S04 Schalke-Boss Clemens Tönnies
"Dann würden die Afrikaner aufhören, Bäume zu fällen, und sie hören auf, wenn's dunkel ist, Kinder zu produzieren" - mit diesem Zitat erzürnte Tönnies die FansBild: picture-alliance/G. Kirchner

Es ist einfach genug. Eine rassistische Entgleisung des Aufsichtsratsvorsitzenden Clemens Tönnies, eine flapsige Entschuldigung ohne Konsequenzen, von Business-Kaspern entworfene Marketing-Kampagnen, forcierte Pläne einer Ausgliederung von demselben Menschen, die den Karren finanziell in den Dreck gefahren haben, angesichts der Corona-Krise lächerliche Gehaltseinsparungen der Spieler, Abschenken der Europa League etliche Spieltage vor Schluss, ein ehemaliger Stasi-Major im Aufsichtsrat, ein unwürdiger Abgang des langjährigen Pressesprechers, Rauswurf von 24 Busfahrern, die auf 450 Euro-Basis gearbeitet haben und als absolute Krönung, der Härtefallantrag: Schalke war der einzige Club der Liga, der seinen treuesten Fans nicht das Geld für die durch die Corona-Krise entgangenen Spiele zurückzahlen wollte - wenn ja, sollten die Anhänger, denen der Verein Geld schuldet, mit Dokumenten nachweisen, wie dreckig es ihnen geht. Es ist nur noch unwürdig und zum Fremdschämen.

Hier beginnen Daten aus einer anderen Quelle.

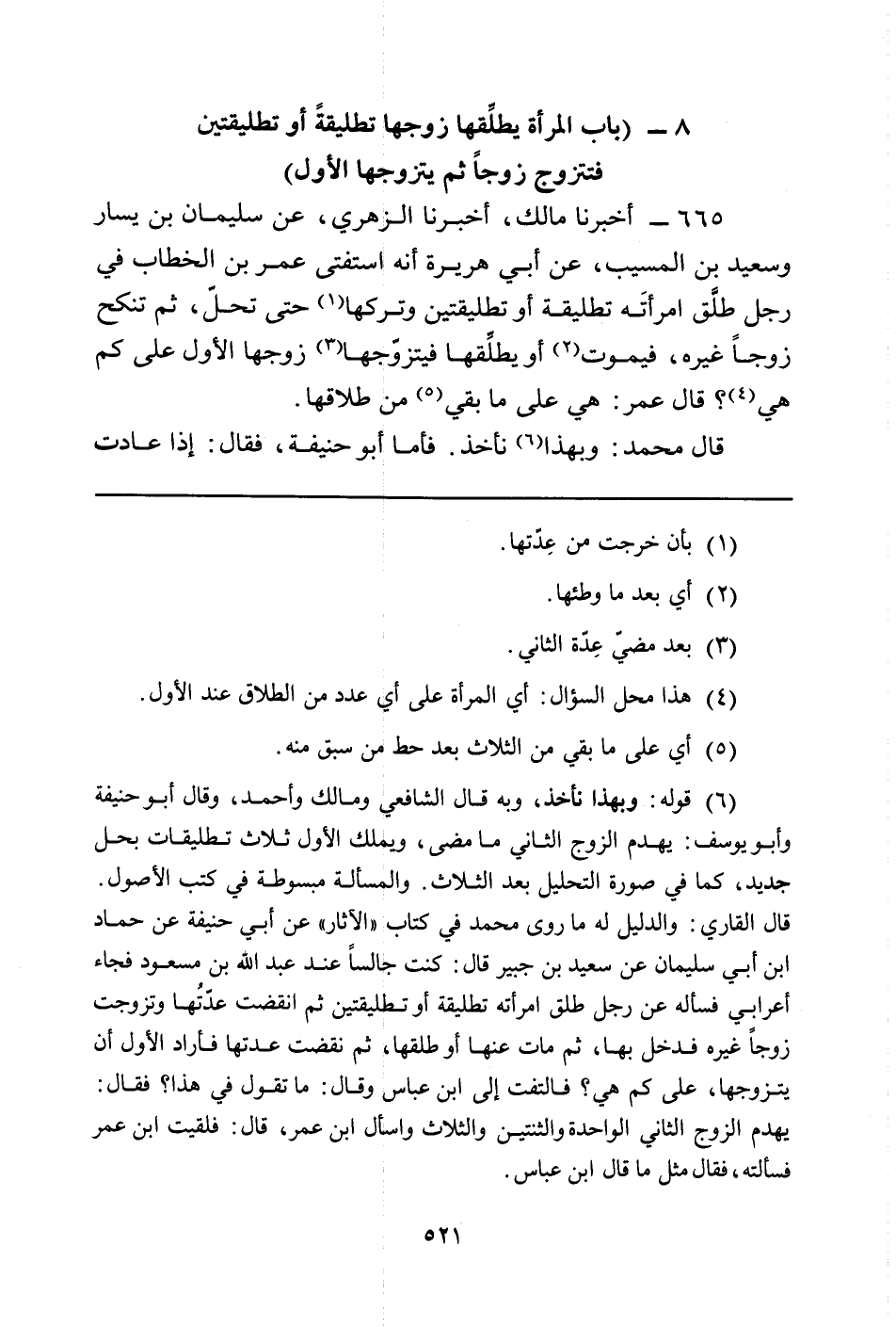 665 - أَخْبَرَنَا مَالِكٌ، أَخْبَرَنَا الزُّهْرِيُّ، عَنْ سُلَيْمَانَ بْنِ يَسَارٍ وَسَعِيدِ بْنِ الْمُسَيِّبِ، عَنْ أَبِي هُرَيْرَةَ أَنَّهُ اسْتَفْتَى عُمَرَ بْنَ الْخَطَّابِ فِي رَجُلٍ طَلَّقَ امْرَأَتَهُ تَطْلِيقَةً أَوْ تَطْلِيقَتَيْنِ وَتَرَكَهَا (¬1) حَتَّى تَحِلَّ، ثُمَّ تَنْكِحَ زَوْجًا غَيْرَهُ، فَيَمُوتَ (¬2) أَوْ يُطَلَّقَا فَيَتَزَوَّجُهَا (¬3) زَوْجُهَا الأَوَّلُ عَلَى كَمْ هِيَ (¬4) ؟ قَالَ عُمَرُ: هِيَ عَلَى مَا بَقِيَ (¬5) مِنْ طَلاقِهَا.

Samstag fahre ich übrigens wieder auf Schalke. In Gelsenkirchen ist zwar kein Spiel, aber eine Demonstration all' derjenigen, welche die Schnauze voll haben von denen, die nicht verstehen, wofür Schalke wirklich steht. Das alte Schalke erhebt sich. Pünktlich zum Anpfiff, um 15.30 Uhr. Und vielleicht - ganz vielleicht - gebe ich meiner Verflossenen ja noch eine Chance.